Antibiotics are among the most important tools in medicine, but today their efficacy is threatened by the evolution of resistance. While resistance continues to spread, the development of new antibiotics is slowing. We need new strategies to delay or reverse the course of resistance evolution. In this talk I will describe several approaches to studying and manipulating resistance evolution in detail. Using a new experimental device, we have been able to study previously elusive aspects of the evolution of antibiotic resistance in spatial environments. Second, I will show how increasing the scale of experiments allows both the discovery of new avenues of attack and potential failure modes of evolutionary interventions. I will conclude with the algorithmic and biological challenges in the practical application of these approaches.

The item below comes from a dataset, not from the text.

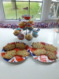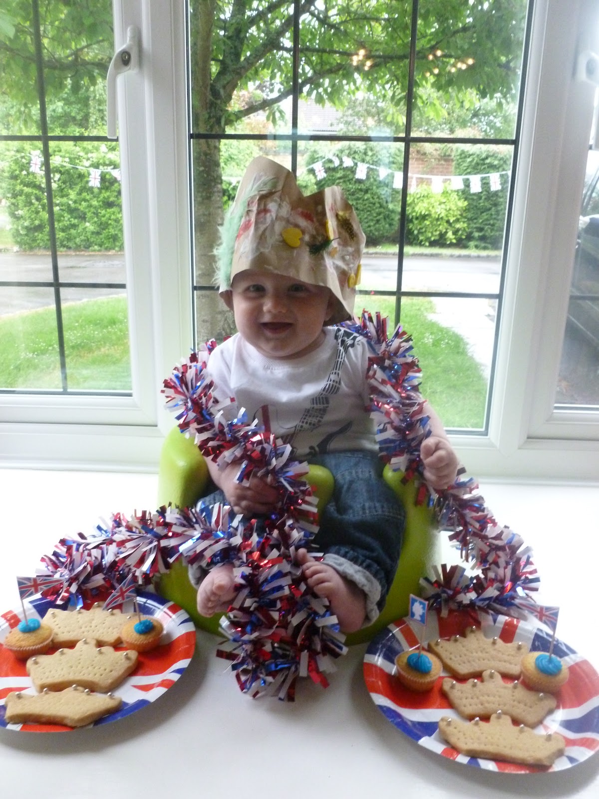 So Bank Holiday Monday saw us getting ready for the Jubilee celebrations where we live. Cakes and crowns were baked. Bunting hung. Baby man dressed in Jubilee clothing for Mummy to take pictures of him for this special occasion in his first year.

September 19, 2016 - Jukka-Pekka Onnela, HSPH

Jukka-Pekka Onnela
Assistant Professor of Biostatistics
Harvard T.H. Chan School of Public Health

Digital Phenotyping: Concept and Early Pilot Studies

We have defined the term “digital phenotyping” as smartphone-based moment-by-moment quantification of the individual-level human phenotype. As part of our efforts in this area, we have introduced a scalable research platform that enables us to customize the associated smartphone applications to collect large amounts of different kinds of social and behavioral data. This approach opens up some intriguing scientific opportunities in the biomedical sciences, but it also presents several interesting challenges for statistical learning. I will talk about the general concept of digital phenotyping and how we are currently using it in various pilot studies. I will also share some of our early results and highlight some data analytic and statistical challenges.